Saturday, November 9, 2013

Dinner for One

'Living on earth is expensive, but it does include a free trip around the sun once a year'

The Ranger squinted at me through the dirty, cracked windscreen and in a monotonic voice said,
'Jane turned her 4WD over sixty kilometres down the track. She and the kids are being flown to hospital with the Royal Flying Doctor'

I carried the battered contents of Jane's car inside the house and sat down, alone. Just me and my soup. I ate the bread. Silently, I photographed my soup on film.


Through the window of the dining room I could see the southern tip of Dirk Hartog Island under a full moon. I was sitting alone in a large sprawling stone mansion just fifty metres from the Indian Ocean just east of Steep Point. Apart from the Ranger's cottage this was the western most house in Australia.

What set out to be  a week of private coaching for my student Jane ended up being a week of a Robinson Crusoe existence on one of the world's most exotic shorelines.

The difference was I was in a massive three wing building with an auto-start power plant, my own desalination system and a cellar with a hundred bottles of the finest wines.

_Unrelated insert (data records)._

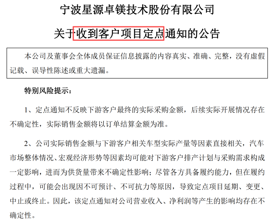 【导读】星源卓镁(301398)收到客户定点通知,预计四年销售金额20亿元,正发行可转债 但星源卓镁也在公告中表示,公司实际销售金额与下游客户相关车型实际产量等因素直接相关,汽车市场整体情况、宏观经济形势等因素均可能对下游客 户排产计划与采购需求构成一定影响,进而给公司的供货量带来不确定性。因此,该定点通知对公司营业收入、净利润等产生的影响均存在不确定性。 11月4日晚,星源卓镁公告,于近日收到国内某新能源汽车整车制造厂商(公司称限于保密要求,无法披露其名称)出具的供应商定点通知邮件,公司将 为该客户开发并供应新能源汽车镁合金动力总成壳体零部件。 记者注意到,这并不是星源卓美首次发布类似公告,但之前的金额均没有这一次的大。 2024年2月、5月、9月、10月和11月星源卓美均公告收到项目定点通知,项目生命周期金额分别为7年2.5亿元、 8年2.38亿元、3年1.7亿元、5年2.05亿元和 7年7.1亿元。2025年4月、8月,公司又公告收到定点通知,项目生命周期金额分别为4年6.5亿元、6年7.13亿元。这样,加上此次的20.21亿元,公司近两年 公告称,公司专注于轻量化材料在汽车零部件行业的创新设计及替代应 ...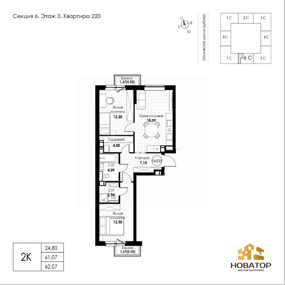 Общая площадь62,07 м²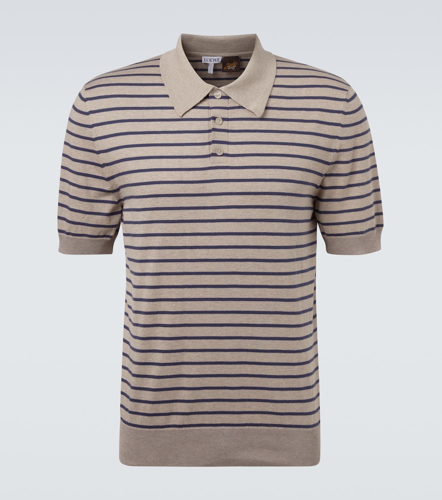 Loewe Men, Knitted striped cotton-blend polo shirt, Brown, UK 38, P...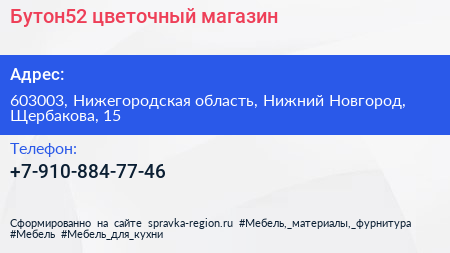 Бутон52, цветочный магазин по адресу 603003, Нижегородская область, Нижний Новгород, Щербакова, 15 в дальнейшем Организация, размещена в следующих категориях: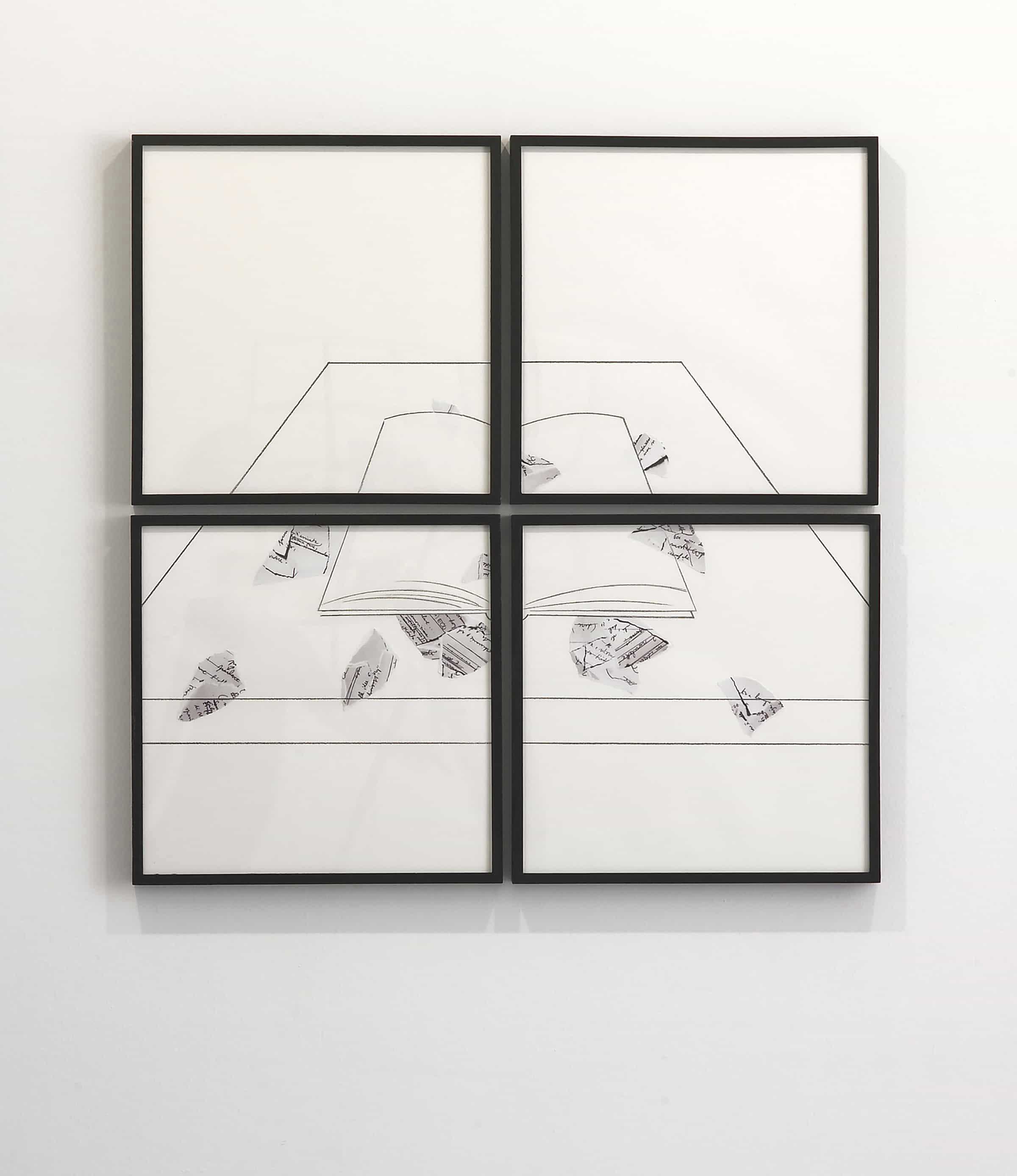 Quattro elementi accostati a brevi intervalli propongono il disegno in prospettiva di un tavolo, con al centro un album aperto, dal quale fuoriescono dei frammenti fotografici di riproduzioni di scritture autografe che si disperdono tutt’intorno.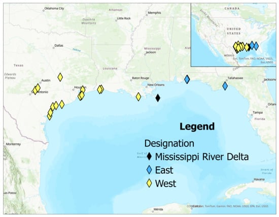 Map of collection sites of Palaemon spp. used in this study. The Mississippi River Delta is indicated to show the dividing point set for this study, and other collection sites are labeled as coming from east or west of this point.
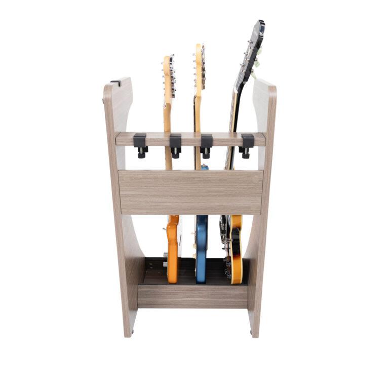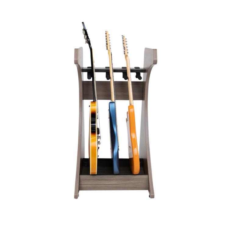 The Elite Three Electric/Acoustic Guitar Rack offers a solid solution for storing and protecting up to four guitars. It features an attractive Driftwood Grey finish and is designed with durable framework to ensure your instruments maintain their playability for years to come. The rack features adjustable mounting angles and tiered-height construction for easy access to instruments.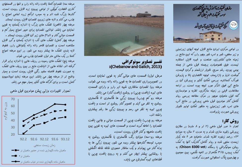 مرکز تحقيقات ملي آبزيان آبهاي شور - شنبه یکم دی 1397 بررسی روند تکامل گناد مولدین فیل ماهی پرورشی در منابع آب های لب شور زیرزمینی بررسی روند تکامل گناد مولدین فیل ماهی پرورشی در منابع آب های لب شور زیرزمینی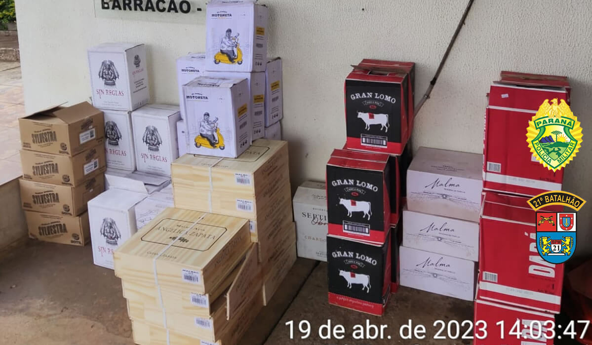 Ao realizar vistoria no veículo, foi constatado que estava carregado várias caixas de vinho de origem argentina, sem o desembaraço aduaneiro.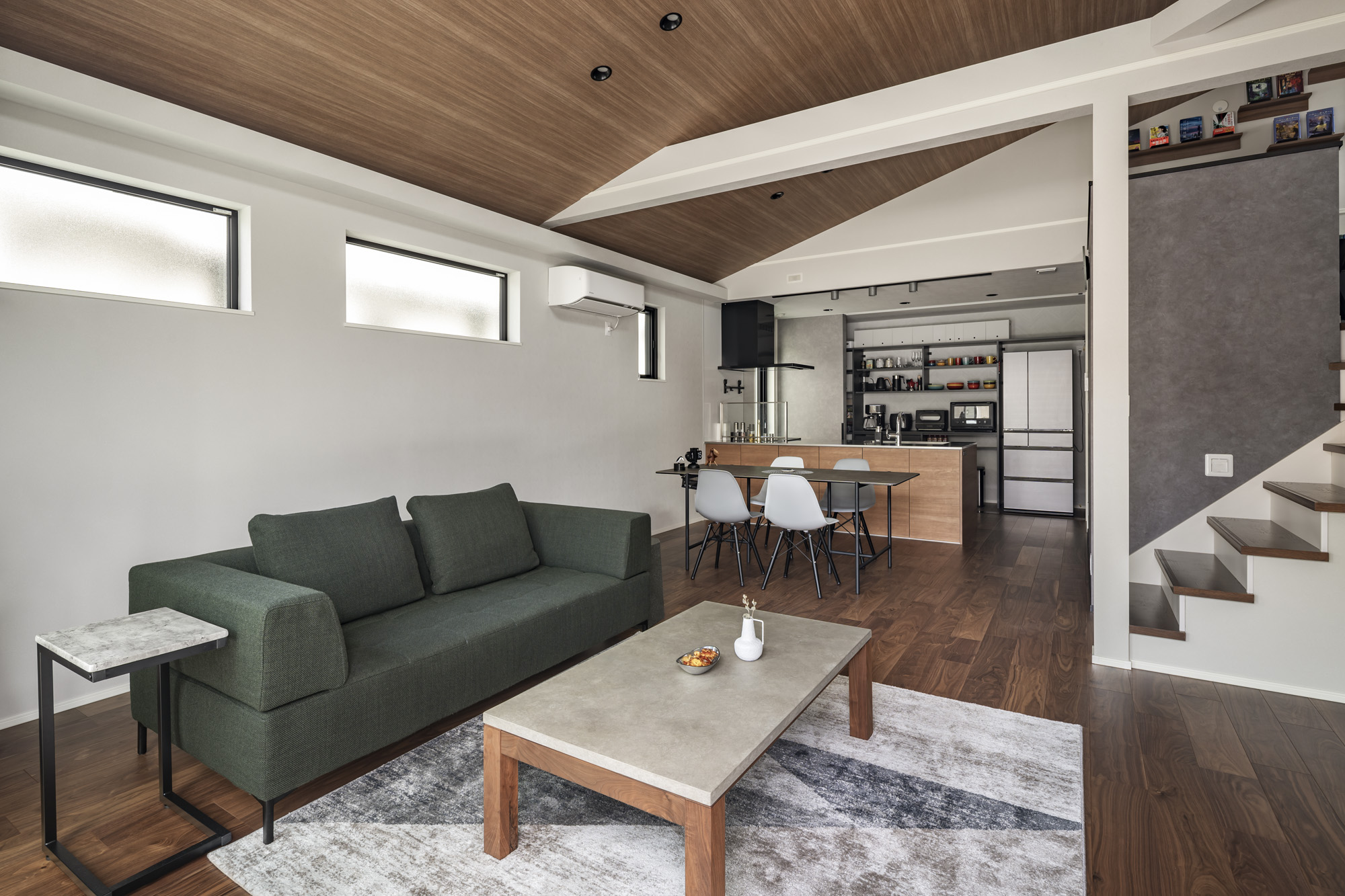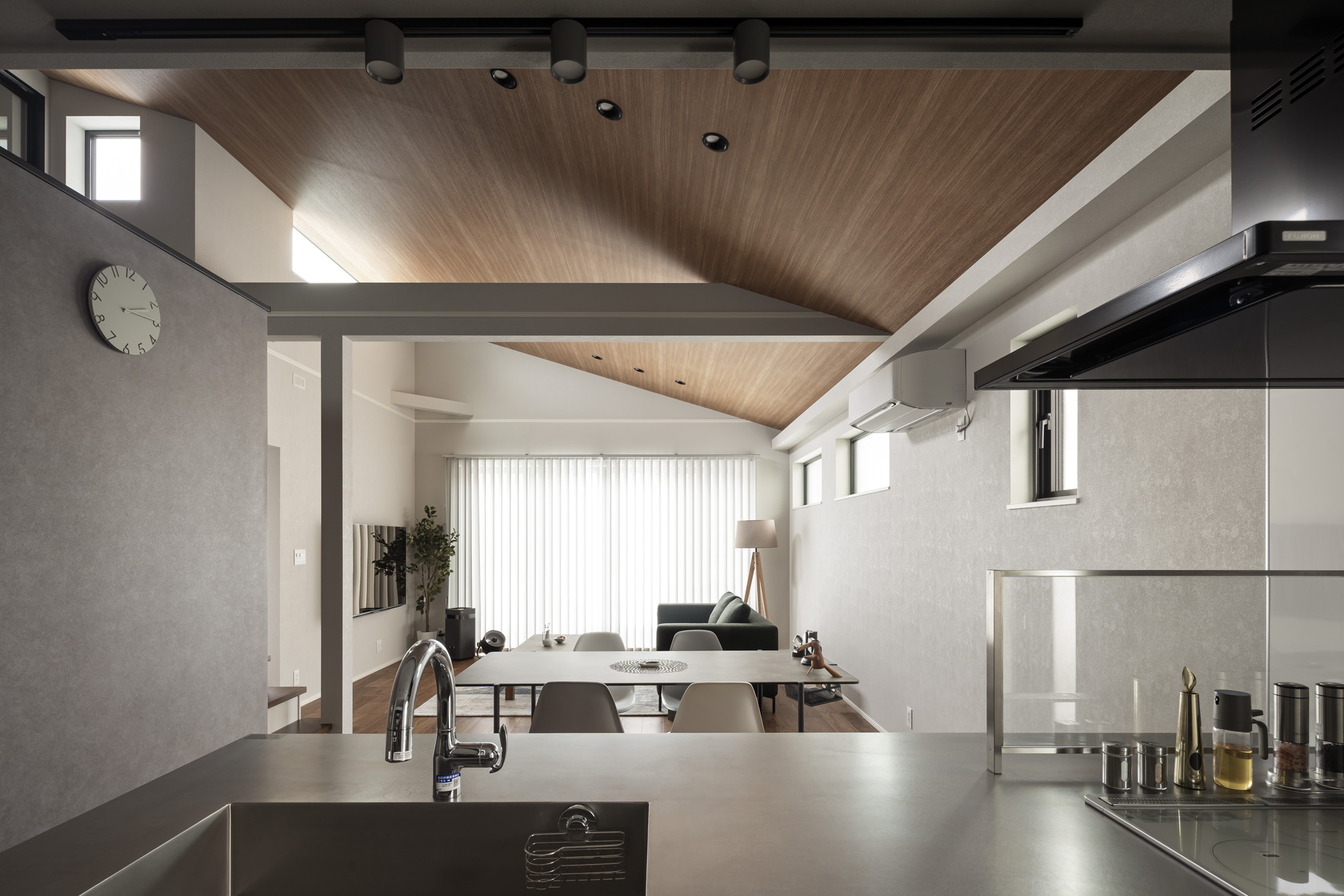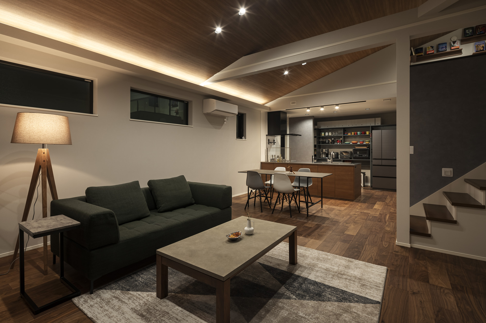 全体的に天井の高さを上げ開放感を出しながら、キッチン部分の天井を下げることでオシャレに仕上がっています。

There was no vehicle, no telephone, no radio, no television. I did have a camera, twenty rolls of film, a fishing line and a feeling of trepidation being on my own in this magical place.

The moon shone through the open window of my west wing bedroom and, aided by a bottle of fine red wine, I pondered what I would do for a week, on my own, in this remote, romantic location. Except for the gentle lapping of the waves on a moonlit shore there was nothing. Not even a friendly mosquito. My mind drifted to places I'd adventured in and faces I had imaged.